De plakker (Lymantria dispar) is een
nachtvlinder uit de familie van de donsvlinders (Lymantriidae). die voorkomt in
het westelijk deel van het Palearctisch en als exoot in het gehele Nearctisch
gebied.
De spanwijdte bedraagt tussen de 32 en 55
millimeter. De vrouwtjes zijn een stuk groter dan de mannetjes en vliegen
minder goed. De mannetjes hebben zeer sterk geveerde antennen. De vrouwtjes
hebben witte tot geelwitte voorvleugels met donkere zigzaglijnen. De
voorvleugels van de mannetjes zijn bruin. Het vrouwtje zet de bruine tot
geelachtige eieren af in bastspleten. Het legsel wordt afgedekt met een dikke
laag geelbruine haren van haar achterlijf. De volledig ontwikkelde rupsen
overwinteren in de eitjes. In het vroege voorjaar worden de jonge rupsjes met
behulp van spinseldraden verspreid door de wind.

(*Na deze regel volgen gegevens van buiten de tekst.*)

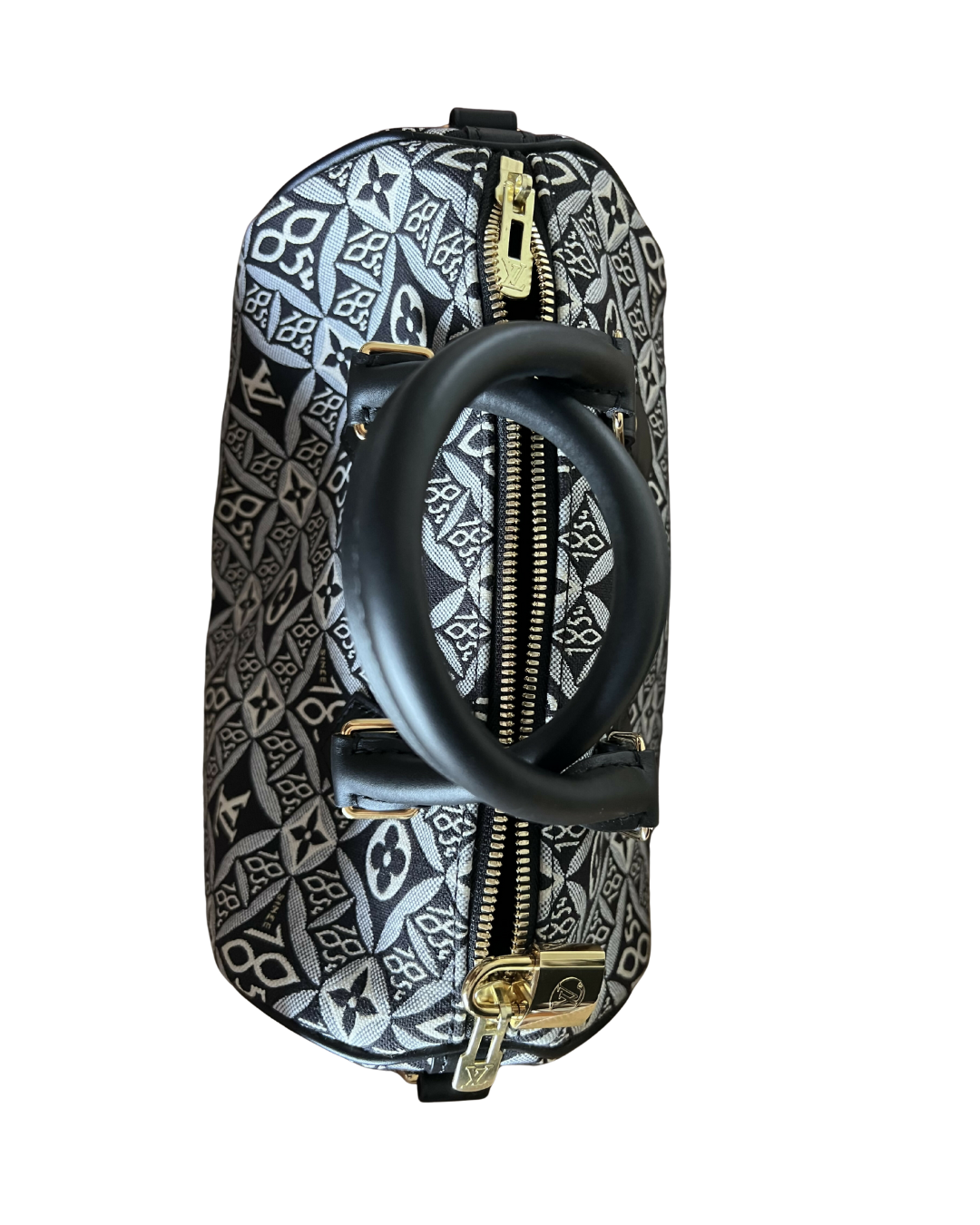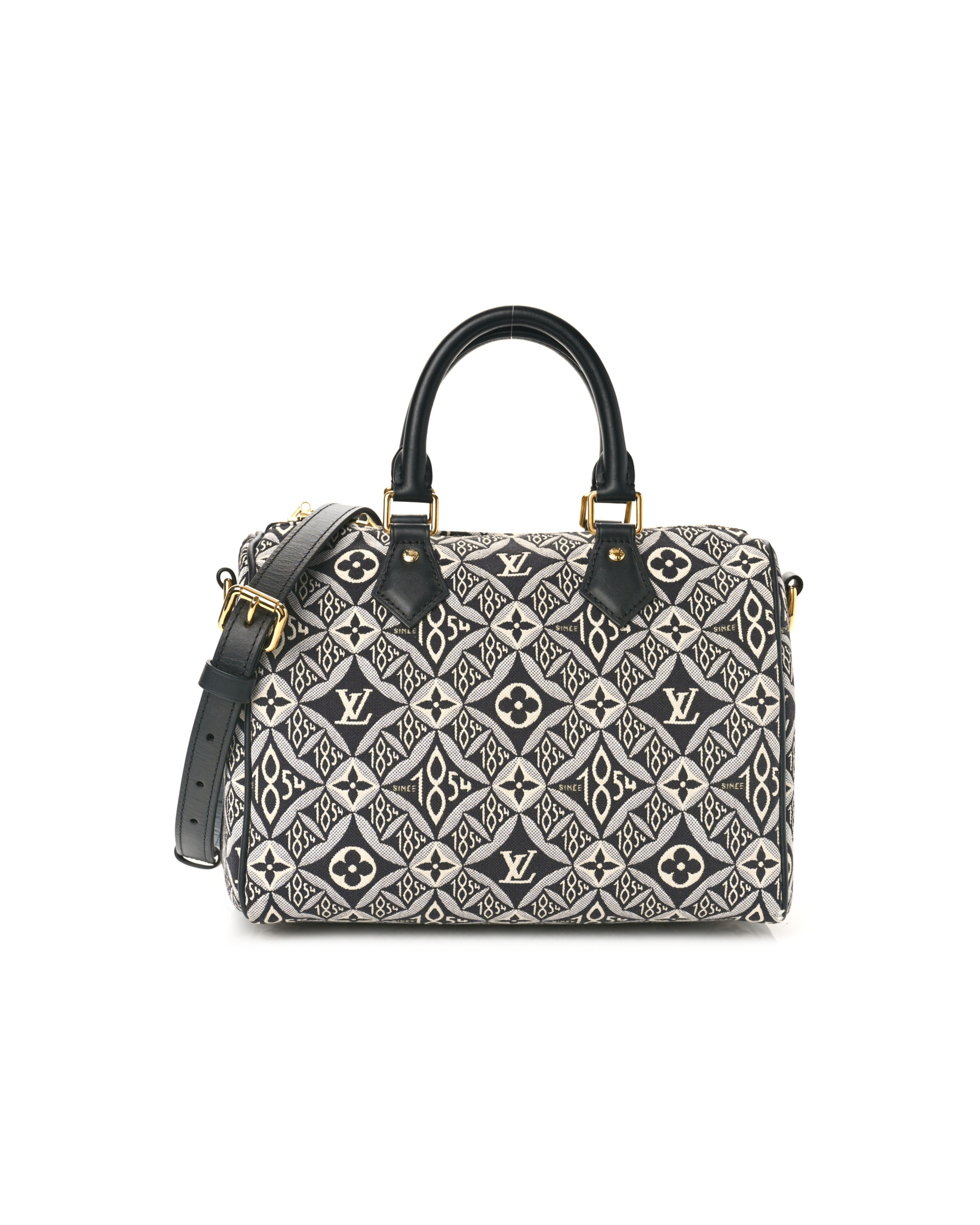 This is the Louis Vuitton Since 1854 Speedy Bandouliere 25 handbag, featuring the brand's iconic monogram in a jacquard textile pattern. The design showcases a refined black and white color palette with a repeated motif that blends the LV initials, fleur-de-lis, and "1854" the year Louis Vuitton was founded all woven into the fabric. The bag includes black leather trim, gold-tone hardware, dual rolled leather handles, and a top zip closure with a signature LV padlock. Timeless yet modern, this piece reflects the heritage and elegance of the Louis Vuitton Maison.

De rupsen kunnen tot 7 cm lang worden en zijn
zeer variabel van kleur. Meestal hebben ze een grijze grondkleur en een
geelachtige lijntekening. Op de eerste vijf segmenten zitten meestal twee rode
en op de achterste zes twee blauwe rugwratten. De kop is licht geelbruin met op
de voorzijde twee zwarte strepen. Ze verpoppen in een los spinsel in
bastspleten van een boom of onder een steen.